[Data items]
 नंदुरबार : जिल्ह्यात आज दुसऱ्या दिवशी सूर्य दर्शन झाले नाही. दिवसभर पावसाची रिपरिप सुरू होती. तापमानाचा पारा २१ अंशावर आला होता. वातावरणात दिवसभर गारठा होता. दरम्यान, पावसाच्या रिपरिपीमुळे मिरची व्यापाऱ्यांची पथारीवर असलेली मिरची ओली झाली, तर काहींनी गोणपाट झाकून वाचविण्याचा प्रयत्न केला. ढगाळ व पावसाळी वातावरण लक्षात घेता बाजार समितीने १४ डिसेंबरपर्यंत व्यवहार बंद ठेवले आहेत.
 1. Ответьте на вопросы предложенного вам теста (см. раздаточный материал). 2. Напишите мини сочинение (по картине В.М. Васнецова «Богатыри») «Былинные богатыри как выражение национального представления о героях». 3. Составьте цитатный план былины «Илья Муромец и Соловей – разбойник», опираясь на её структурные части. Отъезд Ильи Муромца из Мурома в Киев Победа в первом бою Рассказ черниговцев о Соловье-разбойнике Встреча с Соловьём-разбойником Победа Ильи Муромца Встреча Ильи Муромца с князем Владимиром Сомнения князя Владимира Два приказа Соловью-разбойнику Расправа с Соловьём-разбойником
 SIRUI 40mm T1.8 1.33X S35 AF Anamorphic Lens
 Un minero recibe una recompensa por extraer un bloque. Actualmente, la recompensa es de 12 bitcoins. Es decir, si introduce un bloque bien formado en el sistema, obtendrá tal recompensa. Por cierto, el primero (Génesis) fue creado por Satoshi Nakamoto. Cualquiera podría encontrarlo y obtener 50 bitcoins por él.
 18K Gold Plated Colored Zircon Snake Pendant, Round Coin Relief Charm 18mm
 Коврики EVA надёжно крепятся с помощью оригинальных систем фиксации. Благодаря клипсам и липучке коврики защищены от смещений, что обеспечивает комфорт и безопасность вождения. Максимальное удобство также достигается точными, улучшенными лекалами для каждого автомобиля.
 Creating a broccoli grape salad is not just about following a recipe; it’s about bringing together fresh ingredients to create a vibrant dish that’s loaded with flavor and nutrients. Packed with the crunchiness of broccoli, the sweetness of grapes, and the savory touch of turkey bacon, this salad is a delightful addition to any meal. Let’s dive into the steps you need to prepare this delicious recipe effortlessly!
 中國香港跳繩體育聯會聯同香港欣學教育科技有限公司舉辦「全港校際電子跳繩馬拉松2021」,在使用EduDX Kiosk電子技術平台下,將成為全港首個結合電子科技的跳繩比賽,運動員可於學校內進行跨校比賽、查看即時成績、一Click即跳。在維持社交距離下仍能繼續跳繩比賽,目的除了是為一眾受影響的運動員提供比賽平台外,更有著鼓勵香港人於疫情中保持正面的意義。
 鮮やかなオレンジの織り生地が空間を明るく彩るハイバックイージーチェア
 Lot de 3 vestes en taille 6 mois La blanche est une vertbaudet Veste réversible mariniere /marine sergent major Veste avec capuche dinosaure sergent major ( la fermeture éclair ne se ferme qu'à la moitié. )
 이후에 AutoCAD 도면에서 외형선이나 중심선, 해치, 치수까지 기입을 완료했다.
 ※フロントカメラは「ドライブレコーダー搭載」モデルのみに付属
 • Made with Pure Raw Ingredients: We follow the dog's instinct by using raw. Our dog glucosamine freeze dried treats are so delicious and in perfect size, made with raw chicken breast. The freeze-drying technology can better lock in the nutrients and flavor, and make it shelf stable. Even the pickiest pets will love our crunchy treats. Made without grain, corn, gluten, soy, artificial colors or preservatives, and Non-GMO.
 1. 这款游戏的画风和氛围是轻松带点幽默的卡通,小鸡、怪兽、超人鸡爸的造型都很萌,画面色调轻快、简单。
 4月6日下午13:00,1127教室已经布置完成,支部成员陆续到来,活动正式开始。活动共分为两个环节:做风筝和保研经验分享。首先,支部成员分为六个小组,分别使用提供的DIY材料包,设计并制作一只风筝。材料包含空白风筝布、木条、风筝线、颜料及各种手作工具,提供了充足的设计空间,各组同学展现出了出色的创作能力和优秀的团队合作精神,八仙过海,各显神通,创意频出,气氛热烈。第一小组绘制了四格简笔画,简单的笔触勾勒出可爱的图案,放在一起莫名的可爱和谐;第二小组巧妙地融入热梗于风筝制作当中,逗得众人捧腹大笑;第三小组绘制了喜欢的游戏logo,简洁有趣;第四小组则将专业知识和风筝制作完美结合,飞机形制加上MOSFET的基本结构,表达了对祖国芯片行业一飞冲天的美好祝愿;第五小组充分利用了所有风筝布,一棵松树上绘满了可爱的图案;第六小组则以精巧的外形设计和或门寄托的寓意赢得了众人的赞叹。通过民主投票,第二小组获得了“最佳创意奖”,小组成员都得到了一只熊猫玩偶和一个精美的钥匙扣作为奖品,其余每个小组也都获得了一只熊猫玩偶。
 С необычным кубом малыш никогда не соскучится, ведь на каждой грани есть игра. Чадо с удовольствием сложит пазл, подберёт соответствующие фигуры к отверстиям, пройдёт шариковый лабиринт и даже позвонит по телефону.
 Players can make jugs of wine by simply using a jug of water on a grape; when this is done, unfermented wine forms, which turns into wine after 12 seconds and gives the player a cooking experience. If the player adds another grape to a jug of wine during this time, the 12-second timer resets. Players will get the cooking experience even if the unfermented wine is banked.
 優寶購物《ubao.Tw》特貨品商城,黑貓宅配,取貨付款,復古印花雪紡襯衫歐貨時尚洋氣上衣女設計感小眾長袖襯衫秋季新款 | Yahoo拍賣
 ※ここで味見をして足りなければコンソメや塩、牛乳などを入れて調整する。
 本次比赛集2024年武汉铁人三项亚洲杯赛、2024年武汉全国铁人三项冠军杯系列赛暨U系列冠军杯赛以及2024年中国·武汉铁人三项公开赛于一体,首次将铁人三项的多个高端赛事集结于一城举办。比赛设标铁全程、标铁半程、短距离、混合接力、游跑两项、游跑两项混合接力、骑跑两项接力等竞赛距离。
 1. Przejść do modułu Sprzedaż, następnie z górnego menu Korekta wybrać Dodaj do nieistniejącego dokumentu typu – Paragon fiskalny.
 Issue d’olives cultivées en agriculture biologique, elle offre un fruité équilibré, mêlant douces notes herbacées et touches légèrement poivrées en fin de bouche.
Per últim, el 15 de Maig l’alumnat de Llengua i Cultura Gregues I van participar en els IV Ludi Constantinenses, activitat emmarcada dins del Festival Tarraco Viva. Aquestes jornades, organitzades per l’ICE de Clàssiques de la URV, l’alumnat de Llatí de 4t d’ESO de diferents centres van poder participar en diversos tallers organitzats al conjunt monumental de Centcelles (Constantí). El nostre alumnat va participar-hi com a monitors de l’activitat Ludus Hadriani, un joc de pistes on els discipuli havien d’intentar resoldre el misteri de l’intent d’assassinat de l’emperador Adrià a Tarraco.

ASSIGNMENT: Copy the lines above exactly. Start with the line containing "Коврики EVA надёжно", end with the line containing "1. 这款游戏的画风和氛围是", and include both.

EXERCISE ANSWER:
 Коврики EVA надёжно крепятся с помощью оригинальных систем фиксации. Благодаря клипсам и липучке коврики защищены от смещений, что обеспечивает комфорт и безопасность вождения. Максимальное удобство также достигается точными, улучшенными лекалами для каждого автомобиля.
 Creating a broccoli grape salad is not just about following a recipe; it’s about bringing together fresh ingredients to create a vibrant dish that’s loaded with flavor and nutrients. Packed with the crunchiness of broccoli, the sweetness of grapes, and the savory touch of turkey bacon, this salad is a delightful addition to any meal. Let’s dive into the steps you need to prepare this delicious recipe effortlessly!
 中國香港跳繩體育聯會聯同香港欣學教育科技有限公司舉辦「全港校際電子跳繩馬拉松2021」,在使用EduDX Kiosk電子技術平台下,將成為全港首個結合電子科技的跳繩比賽,運動員可於學校內進行跨校比賽、查看即時成績、一Click即跳。在維持社交距離下仍能繼續跳繩比賽,目的除了是為一眾受影響的運動員提供比賽平台外,更有著鼓勵香港人於疫情中保持正面的意義。
 鮮やかなオレンジの織り生地が空間を明るく彩るハイバックイージーチェア
 Lot de 3 vestes en taille 6 mois La blanche est une vertbaudet Veste réversible mariniere /marine sergent major Veste avec capuche dinosaure sergent major ( la fermeture éclair ne se ferme qu'à la moitié. )
 이후에 AutoCAD 도면에서 외형선이나 중심선, 해치, 치수까지 기입을 완료했다.
 ※フロントカメラは「ドライブレコーダー搭載」モデルのみに付属
 • Made with Pure Raw Ingredients: We follow the dog's instinct by using raw. Our dog glucosamine freeze dried treats are so delicious and in perfect size, made with raw chicken breast. The freeze-drying technology can better lock in the nutrients and flavor, and make it shelf stable. Even the pickiest pets will love our crunchy treats. Made without grain, corn, gluten, soy, artificial colors or preservatives, and Non-GMO.
 1. 这款游戏的画风和氛围是轻松带点幽默的卡通,小鸡、怪兽、超人鸡爸的造型都很萌,画面色调轻快、简单。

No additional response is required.